Name: Thomas Oliver McGowan.
Died: November 11, 2016.
Age at death: 18.
Cause of death: Neuroleptic malignant syndrome.
Location: Bristol, England, UK.
Thomas, called by his middle name Oliver, barely survived meningitis twice when he was only a baby. He was diagnosed with epilepsy, autism, cerebral palsy, and a developmental disability.
He was funny, vibrant, and full of energy. His family loved him. He was a student at National Star college, which educates and trains people with disabilities. He was a talented sportsman, playing football on teams for young people with CP and ranking third best in the country for disabled athletes in the 200-meter dash. He was headed for the Paralympics.
He was eighteen when he started having simple partial seizures that his medication wouldn’t stop, and had to be taken to the hospital. Knowing that Oliver had had bad reactions to neuroleptics before, he and his parents told paramedics, and later the doctors at the hospital, that he was not to be given these medications.”Please don’t give me anti-psychotics,” Oliver said. “They mess with my brain.”
Anxious and agitated, going in and out of periodic seizures, Oliver was peppered with questions by multiple people at the same time. Police and security guards got involved at some point; everyone ignored his parents’ instructions to find him a quiet place, talk to him one-on-one, and give him time to reply. Confused and severely stressed, he was restrained and thrown onto a hospital bed even though his parents warned doctors that restraint made him extremely anxious.
Oliver was finally sedated and intubated to control the seizure activity. He had been in the hospital three days when a consultant neuropsychologist saw Oliver’s unusual behavior and decided that he must have post-seizure psychosis–even though he knew Oliver had a developmental disability which explained his behavior–he was an autistic young man in an unfamiliar hospital environment, just waking up from sedation.
The doctor decided to ignore Oliver’s and his parents’ warnings and gave Oliver Olanzapine.
Oliver’s temperature spiked. He showed signs of neuroleptic malignant syndrome, a rare but deadly reaction to neuroleptics that causes the brain to swell, forcing itself through the hole at the base of the skull. His seizures increased in frequency, and his parents demanded a brain scan. But he wasn’t taken off the Olanzapine until two days had passed. When doctors finally did the brain scan, they found Oliver had suffered a catastrophic brain injury. Although he had emergency surgery to relieve the swelling on his brain, it turned out to be too severe to recover from.
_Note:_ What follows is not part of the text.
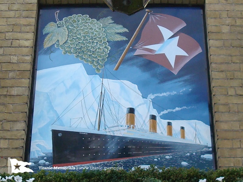 The windows to the central bay on all storeys are bricked up, with the first floor window blank carrying a painted mural of the White Star Line Titanic at night, in front of an over-sized iceberg. Above are a bunch of grapes and the White Star Line house flag, a red burgee flag with a white star.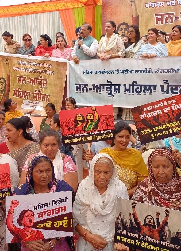 भाजपा महिला मोर्चा पंजाब की अध्यक्ष जय इंदर कौर ने महिला आरक्षण विधेयक को रोकने को लोकतंत्र के लिए “काला दिन” बताया। “कांग्रेस और आप ने हमेशा महिलाओं को केवल वोट बैंक के रूप में देखा है और उन्हें उनका उचित प्रतिनिधित्व देने में विफल रही हैं। काँग्रेस गठबंधन महिलाओं के बढ़ते राजनीतिक सशक्तिकरण से भयभीत नजर आता है। देशभर की महिलाएं इस अपमान का करारा जवाब देंगी,” उन्होंने कहा।

Oliver was taken off life support and died.
Neuroleptic malignant syndrome is considered a rare side effect, but it seems to be more common among autistics than most. Neuroleptics, also called antipsychotics, are used to combat psychosis and as sedatives, and are often prescribed off-label for autistic people. Risperidone, an antipsychotic, is approved for use in autistic people with severe meltdowns, but no other antipsychotic has been clinically tested and labeled for use in autism. Some doctors use these medications as chemical restraints; others prescribe them by default simply because their patient is autistic. Autistic people often have bad reactions or paradoxical reactions to medication. When Oliver’s parents warned the doctors that he was not to be given antipsychotics because he had reacted badly to them in the past, they were giving the doctors information that would have saved his life if only the doctors had listened to it. –Ed.